[Start of section]
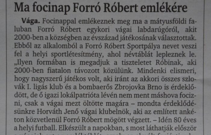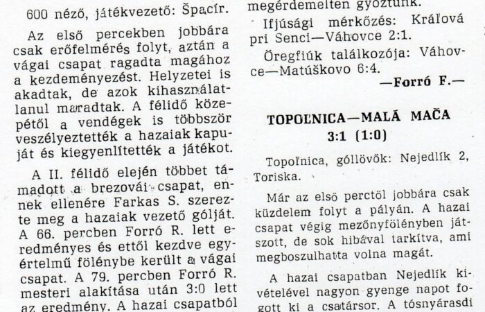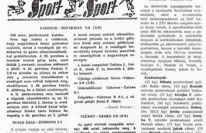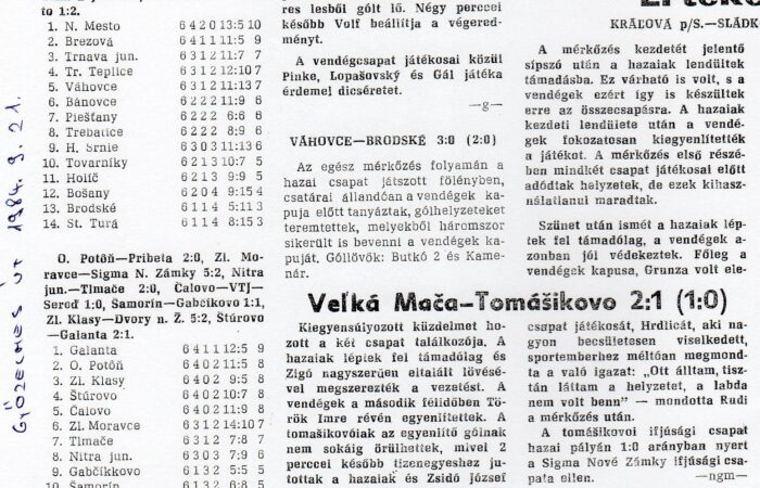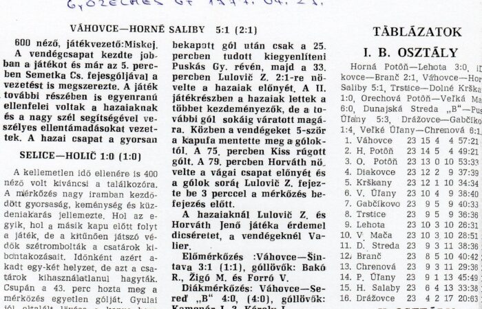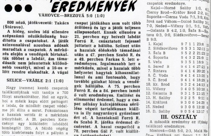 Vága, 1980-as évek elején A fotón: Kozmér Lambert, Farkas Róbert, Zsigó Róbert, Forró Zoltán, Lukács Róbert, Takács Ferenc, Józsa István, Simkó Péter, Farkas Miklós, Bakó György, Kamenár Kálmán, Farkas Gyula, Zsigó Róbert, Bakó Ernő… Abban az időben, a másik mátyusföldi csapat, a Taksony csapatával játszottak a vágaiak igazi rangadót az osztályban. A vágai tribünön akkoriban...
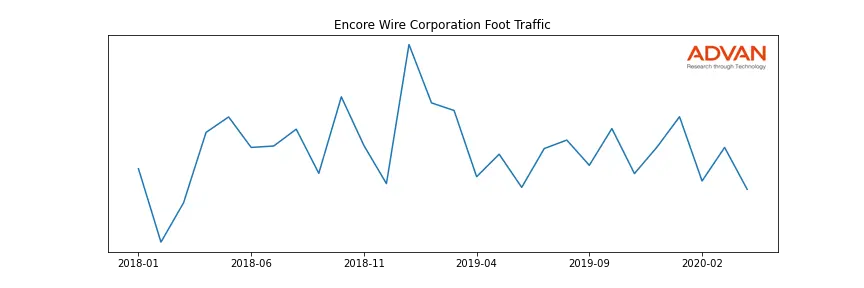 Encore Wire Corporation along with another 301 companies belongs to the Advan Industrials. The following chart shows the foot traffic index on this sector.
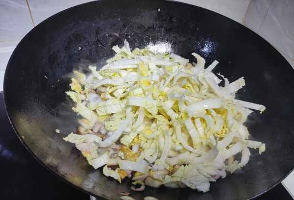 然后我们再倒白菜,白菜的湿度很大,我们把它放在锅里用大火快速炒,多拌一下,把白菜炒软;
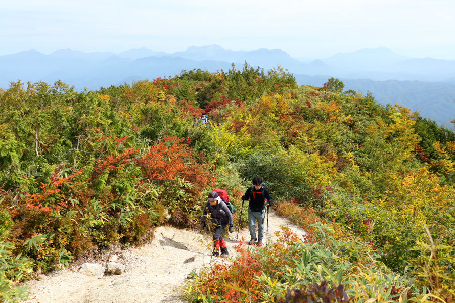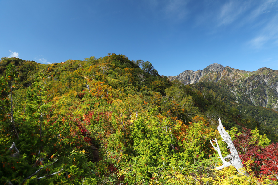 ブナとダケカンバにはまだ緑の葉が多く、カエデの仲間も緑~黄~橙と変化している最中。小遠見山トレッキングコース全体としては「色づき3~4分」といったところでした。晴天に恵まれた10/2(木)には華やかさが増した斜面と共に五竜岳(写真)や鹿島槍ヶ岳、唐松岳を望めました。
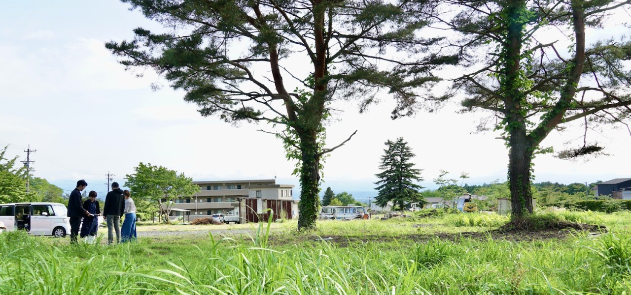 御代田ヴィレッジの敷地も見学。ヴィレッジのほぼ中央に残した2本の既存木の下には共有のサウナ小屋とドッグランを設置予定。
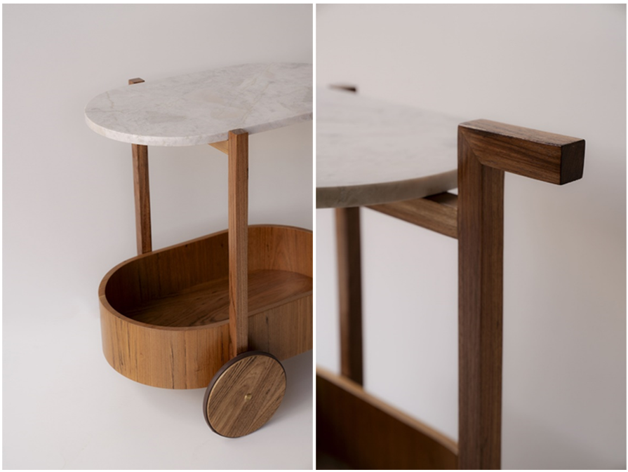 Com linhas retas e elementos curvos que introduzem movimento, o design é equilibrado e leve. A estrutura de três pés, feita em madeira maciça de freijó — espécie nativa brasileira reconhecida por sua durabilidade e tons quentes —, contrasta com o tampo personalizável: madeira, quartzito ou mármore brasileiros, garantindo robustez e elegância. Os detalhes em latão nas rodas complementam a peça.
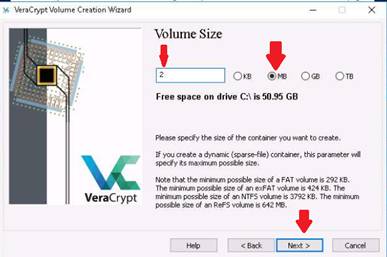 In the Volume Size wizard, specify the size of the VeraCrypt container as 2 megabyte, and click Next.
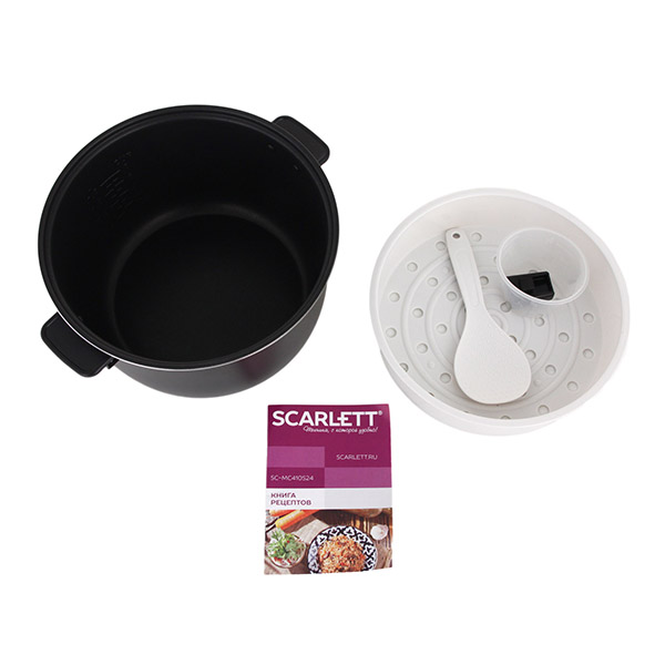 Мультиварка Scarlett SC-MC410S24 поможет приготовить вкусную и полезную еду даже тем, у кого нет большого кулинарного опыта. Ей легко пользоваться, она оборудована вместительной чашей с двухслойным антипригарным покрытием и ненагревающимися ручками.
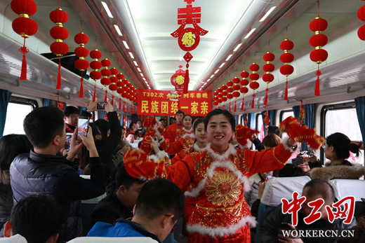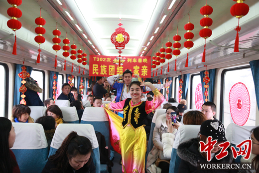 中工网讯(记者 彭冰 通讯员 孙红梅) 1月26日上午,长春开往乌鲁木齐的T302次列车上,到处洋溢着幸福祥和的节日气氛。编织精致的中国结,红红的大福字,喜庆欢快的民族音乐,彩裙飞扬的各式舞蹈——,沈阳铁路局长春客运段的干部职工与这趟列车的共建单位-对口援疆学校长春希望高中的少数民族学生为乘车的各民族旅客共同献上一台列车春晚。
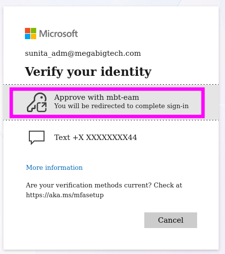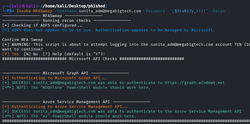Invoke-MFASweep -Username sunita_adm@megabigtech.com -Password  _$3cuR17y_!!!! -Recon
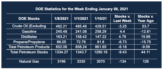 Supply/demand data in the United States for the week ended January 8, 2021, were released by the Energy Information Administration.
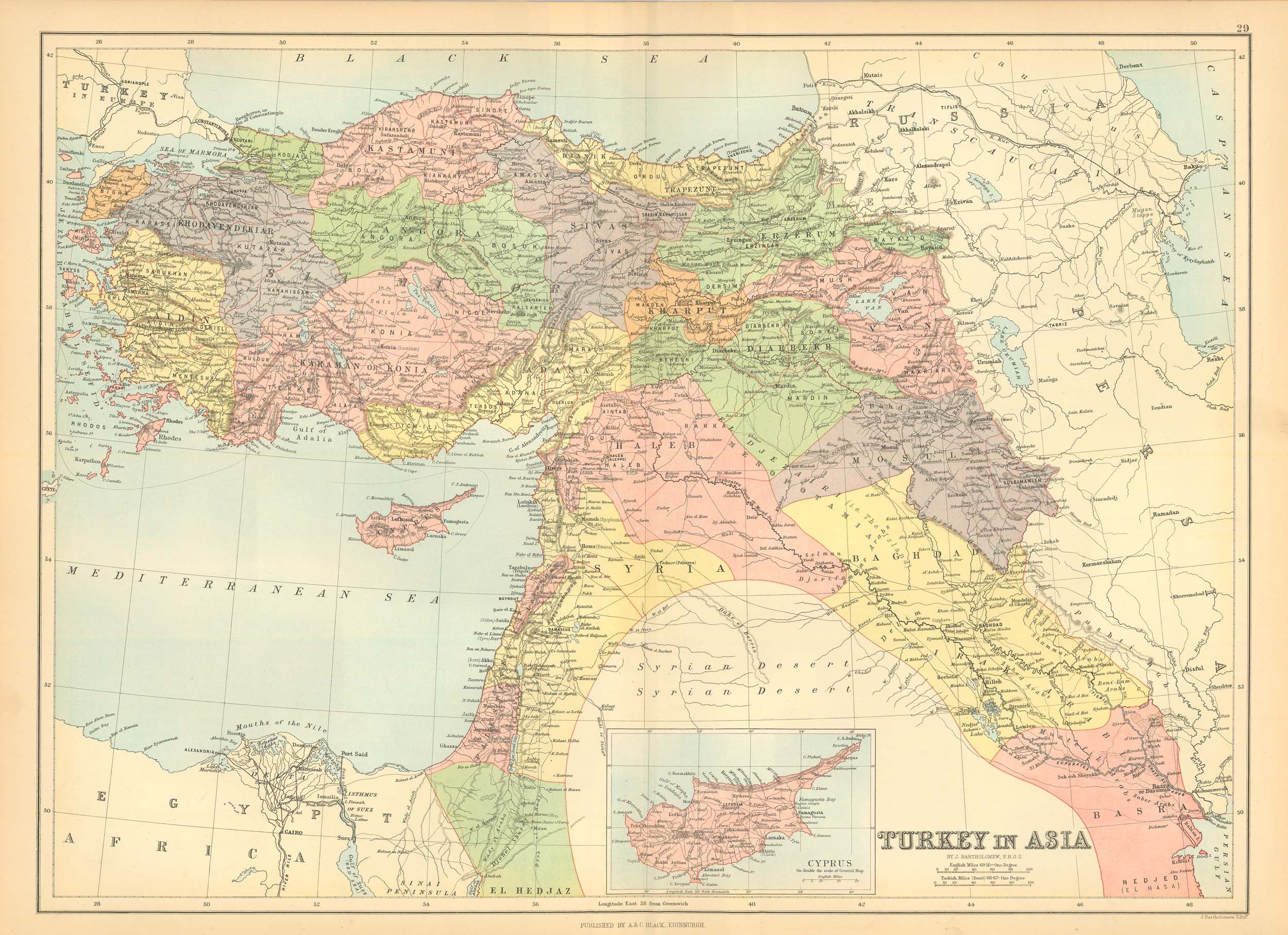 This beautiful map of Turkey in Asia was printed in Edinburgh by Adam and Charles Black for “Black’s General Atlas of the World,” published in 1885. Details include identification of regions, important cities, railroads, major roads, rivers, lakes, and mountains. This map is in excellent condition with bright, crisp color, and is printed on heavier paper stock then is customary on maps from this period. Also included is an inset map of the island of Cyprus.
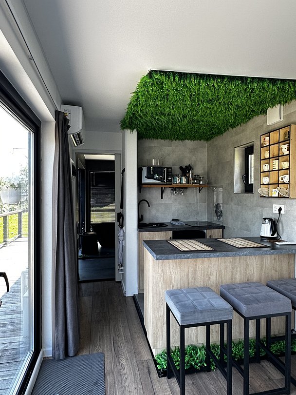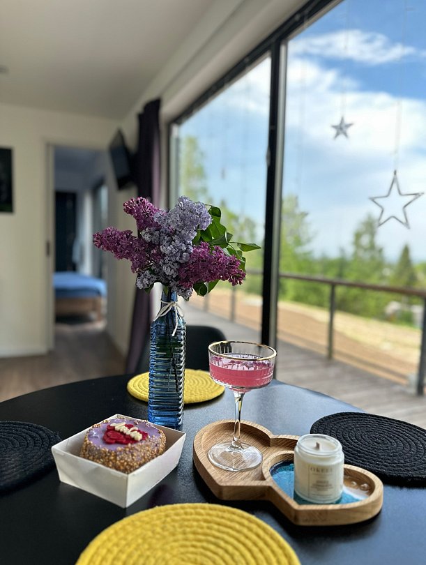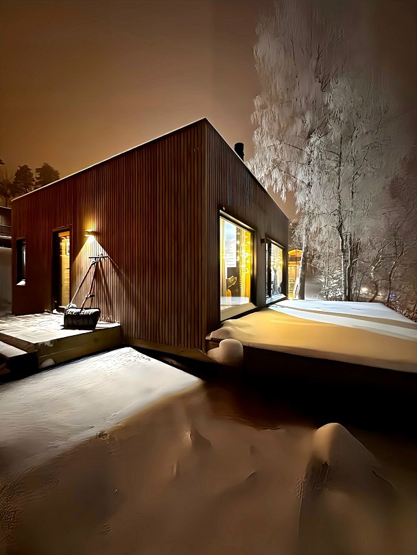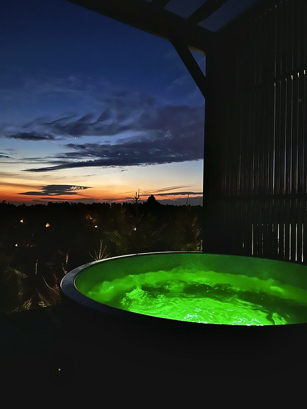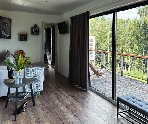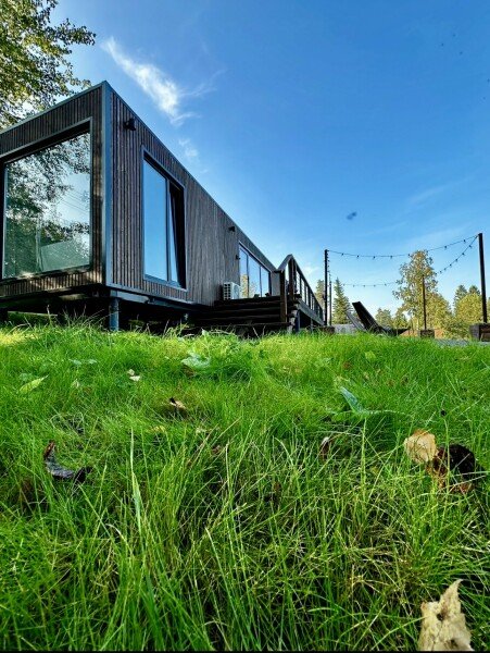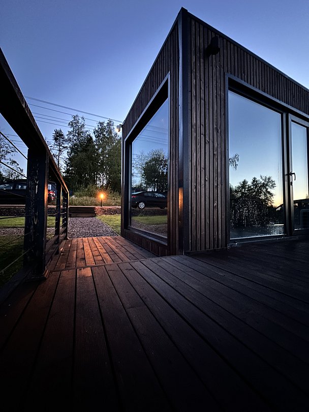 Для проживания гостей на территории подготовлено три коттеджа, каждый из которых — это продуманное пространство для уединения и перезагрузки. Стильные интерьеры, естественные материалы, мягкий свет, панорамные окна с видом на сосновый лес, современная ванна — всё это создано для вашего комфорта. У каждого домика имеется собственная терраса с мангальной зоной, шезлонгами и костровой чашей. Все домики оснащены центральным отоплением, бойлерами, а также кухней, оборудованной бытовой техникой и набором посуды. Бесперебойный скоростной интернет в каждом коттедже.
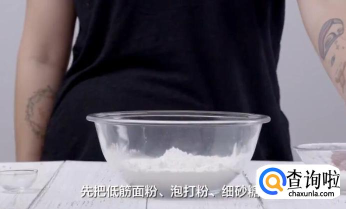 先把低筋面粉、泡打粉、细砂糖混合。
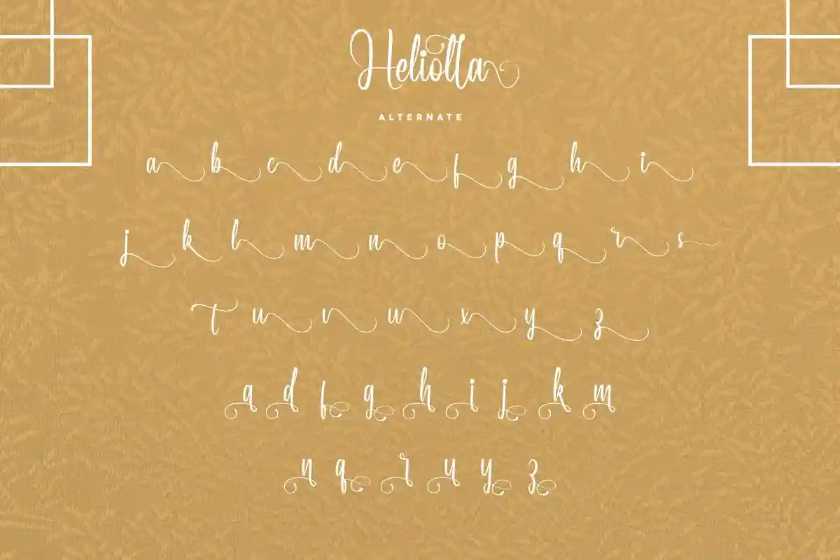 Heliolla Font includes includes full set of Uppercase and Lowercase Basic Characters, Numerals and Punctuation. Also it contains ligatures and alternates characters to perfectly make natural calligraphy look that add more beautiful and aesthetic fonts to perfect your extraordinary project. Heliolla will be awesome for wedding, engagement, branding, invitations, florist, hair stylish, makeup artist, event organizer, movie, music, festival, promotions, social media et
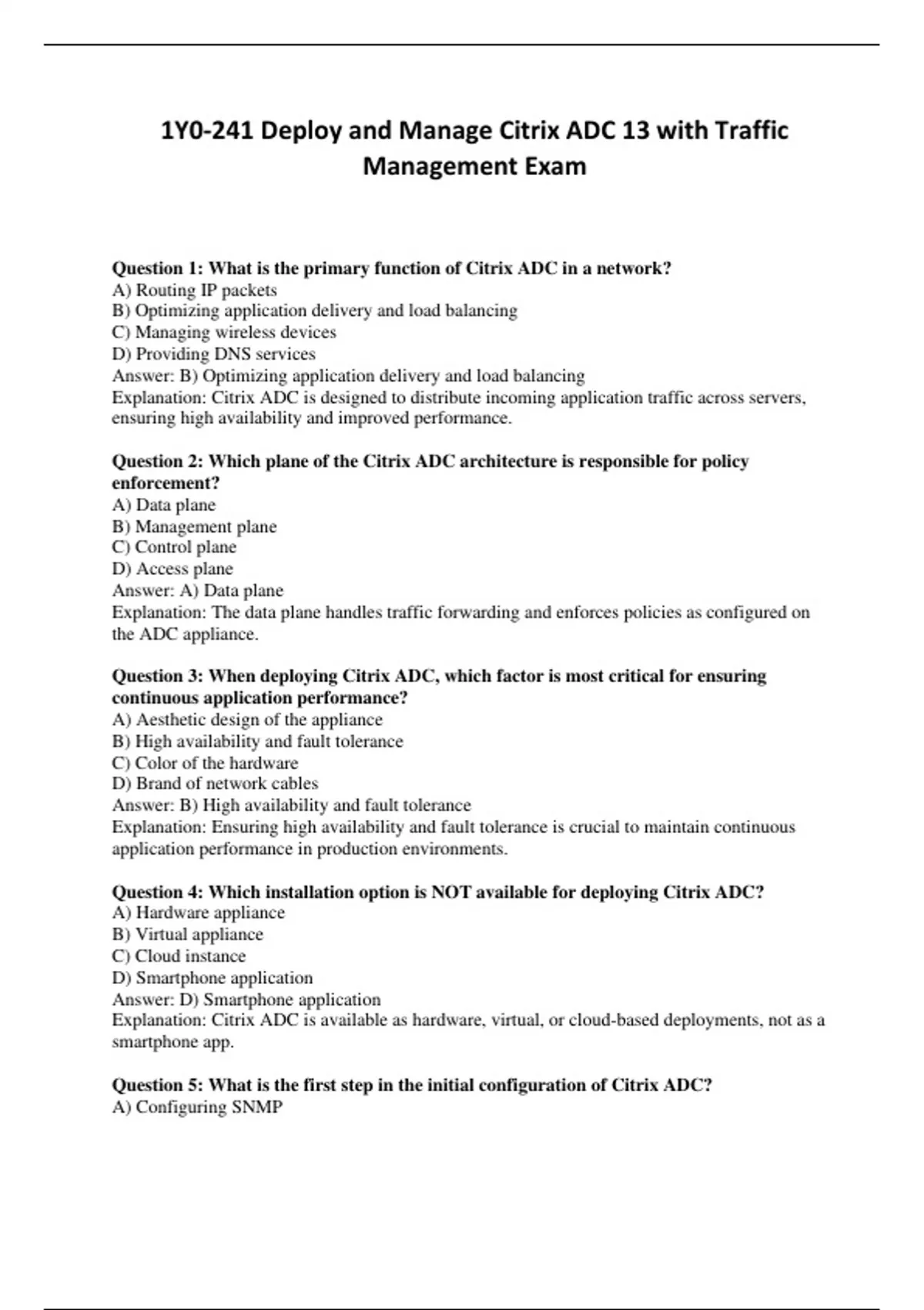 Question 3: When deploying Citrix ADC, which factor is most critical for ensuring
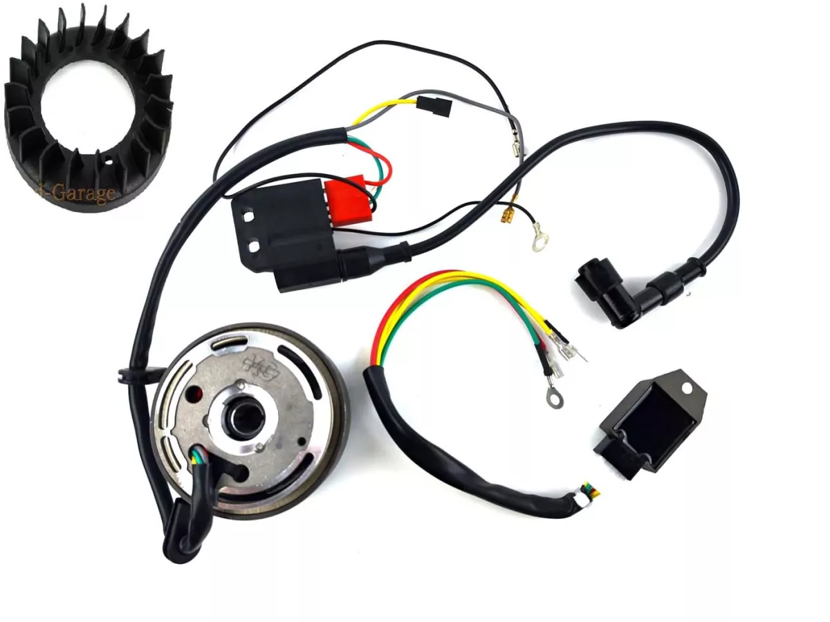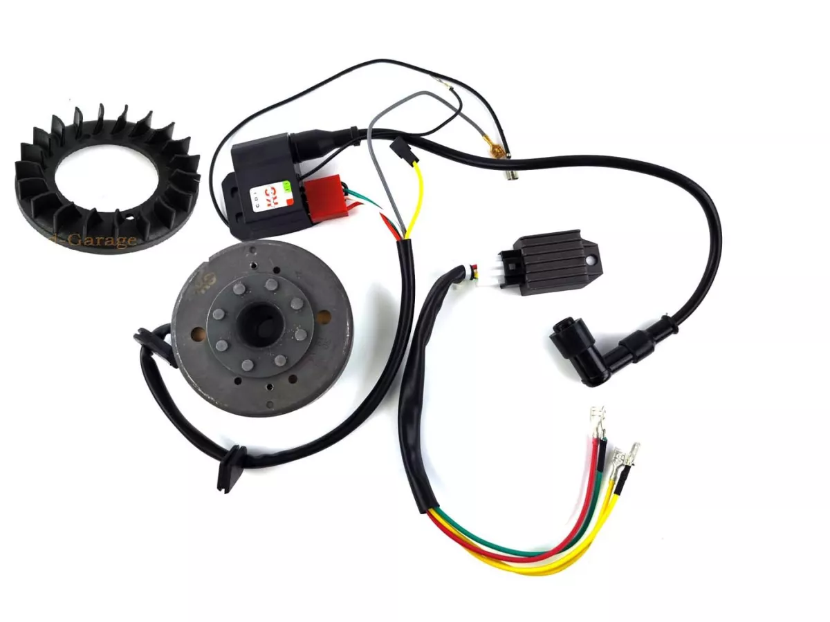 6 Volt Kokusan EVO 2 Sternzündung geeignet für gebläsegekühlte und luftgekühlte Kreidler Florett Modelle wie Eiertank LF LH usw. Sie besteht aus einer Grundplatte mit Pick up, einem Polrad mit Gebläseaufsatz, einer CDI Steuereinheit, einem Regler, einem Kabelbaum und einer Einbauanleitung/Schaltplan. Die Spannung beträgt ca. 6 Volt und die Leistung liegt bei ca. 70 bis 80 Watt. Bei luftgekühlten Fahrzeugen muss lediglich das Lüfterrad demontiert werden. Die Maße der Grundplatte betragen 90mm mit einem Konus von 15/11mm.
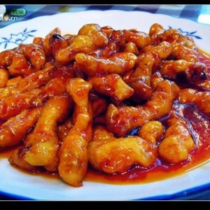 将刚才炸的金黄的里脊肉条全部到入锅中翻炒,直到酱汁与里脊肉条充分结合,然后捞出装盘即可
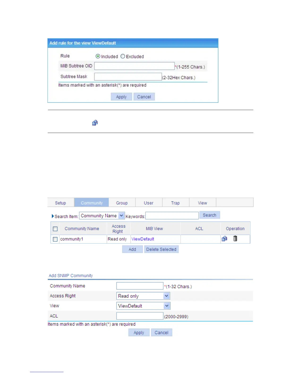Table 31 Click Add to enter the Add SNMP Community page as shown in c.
[End of section]
**REQUIREMENT:**
Pictures are to be omitted. The lines from the line holding "将刚才炸的金黄的里脊肉条全部" through the closing line of the data above are to be set down exactly, and nothing more.

**REPLY:**
 将刚才炸的金黄的里脊肉条全部到入锅中翻炒,直到酱汁与里脊肉条充分结合,然后捞出装盘即可
Table 31 Click Add to enter the Add SNMP Community page as shown in c.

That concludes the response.